Rice prices in India rose on Thursday due to the strongest rupee in two years, while markets in Thailand and Vietnam remained subdued ahead of harvests expected this month, traders said. In India, the world's biggest rice exporter, 5 percent broken parboiled rice rose by $6 per tonne to $406-$409 due to a rally in the rupee to its highest level in two years, even though demand remained weak.
"The rupee is forcing us to raise prices, which are higher than competing countries," said a New Delhi-based official with a global trading firm. The rupee has risen nearly 7 percent so far in 2017, reducing exporters' returns. Lower supplies of the grain ahead of the harvest season expected at the end of September also raised prices for local paddy rice, traders said.
"We have to raise export prices accordingly," said an exporter in Kakinada in the southern state of Andhra Pradesh. Last month, India's high prices resulted in a suspension of a government-to-government deal with Bangladesh, which has been looking to import rice to replenish stocks hit by flash floods.
The deal was called off this week because India did not respond with a revised offer in time, the chief of Bangladesh's state grain buyer told Reuters before leaving for Cambodia, where a 1 million tonne rice deal was agreed. Thai benchmark 5 percent broken rice on Thursday dropped to $390-$392 a tonne, free-on-board (FOB) Bangkok, from $395-$408 last week.
"The market has gone quiet.

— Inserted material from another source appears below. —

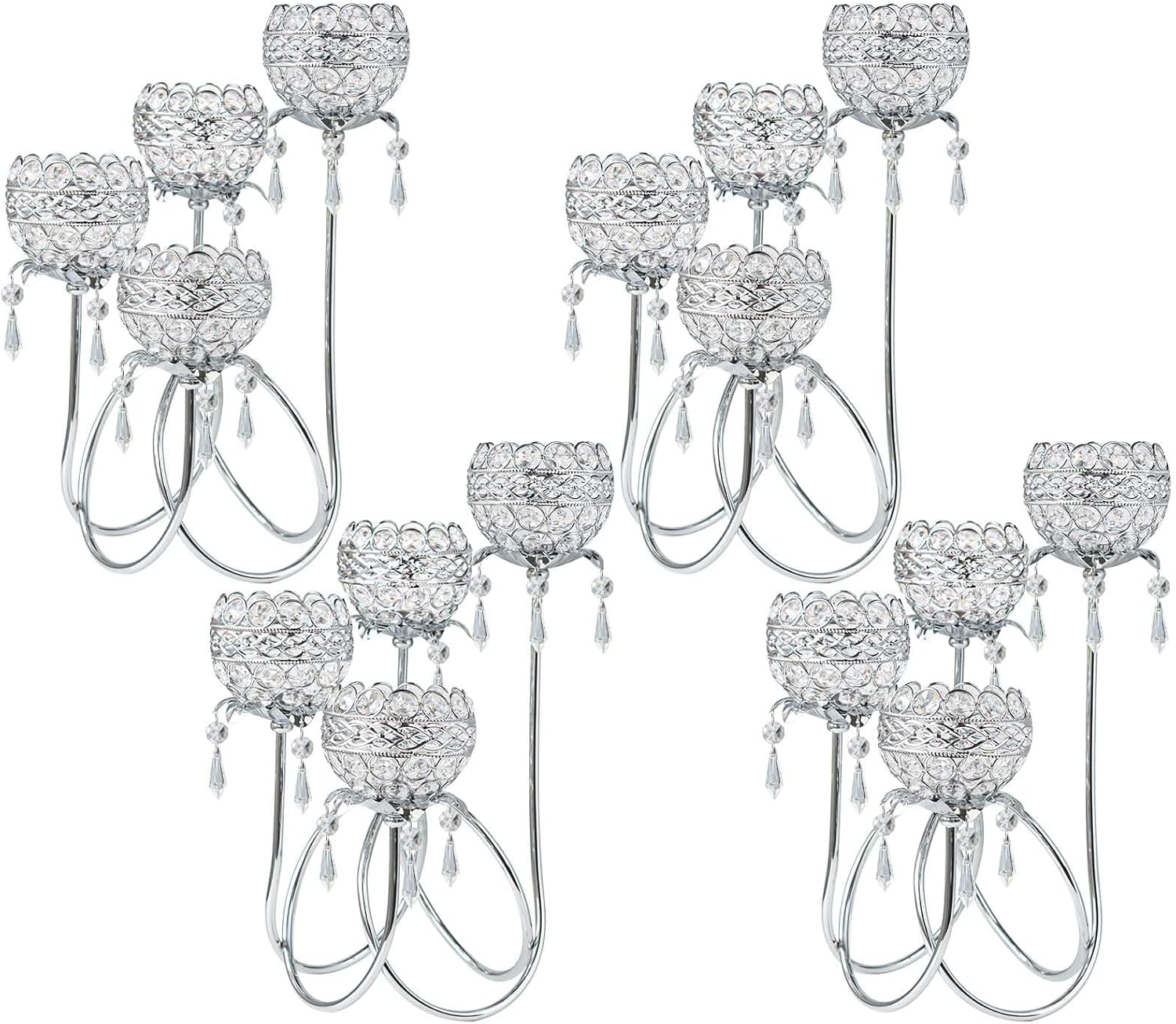 4 Arms Crystal Candelabra Tealight Holder - Tall 15.7 Inch Elegant Centerpiece with Crystal Pendant Bowls & Artistic Metal Stand for Wedding, Dining Table, Home Decor (4, Silver)

Prices would have dropped further but they are being held up by the strong exchange rate," a trader in Bangkok said. The baht was trading at 33.26 against the dollar, the strongest in more than two years. Thailand's off-season white rice grains, grown mainly in the central region, are expected to arrive from mid-August through to September. Thailand has been battling floods in its main rice-growing northeastern region since late July.
Thailand is likely to export 11 million tonnes of rice this year, the government said this week, higher than its target. It has exported 6.3 million tonnes so far, an increase of 16 percent from the same period last year. Vietnam's 5 percent broken rice extended its flat trend at $400-$405 a tonne, FOB Saigon, on low foreign demand and high commercial prices.
"We hope the market to be more vibrant by late August when the summer-autumn harvest starts," said a trader in Ho Chi Minh City. Another trader said there were a few queries from African buyers but no specific deals have yet been agreed. Vietnam has exported an estimated 3.4 million tonnes of rice in first seven months of this year, up 18.6 percent from a year earlier. Thailand and Vietnam are the world's second and third biggest rice exporters.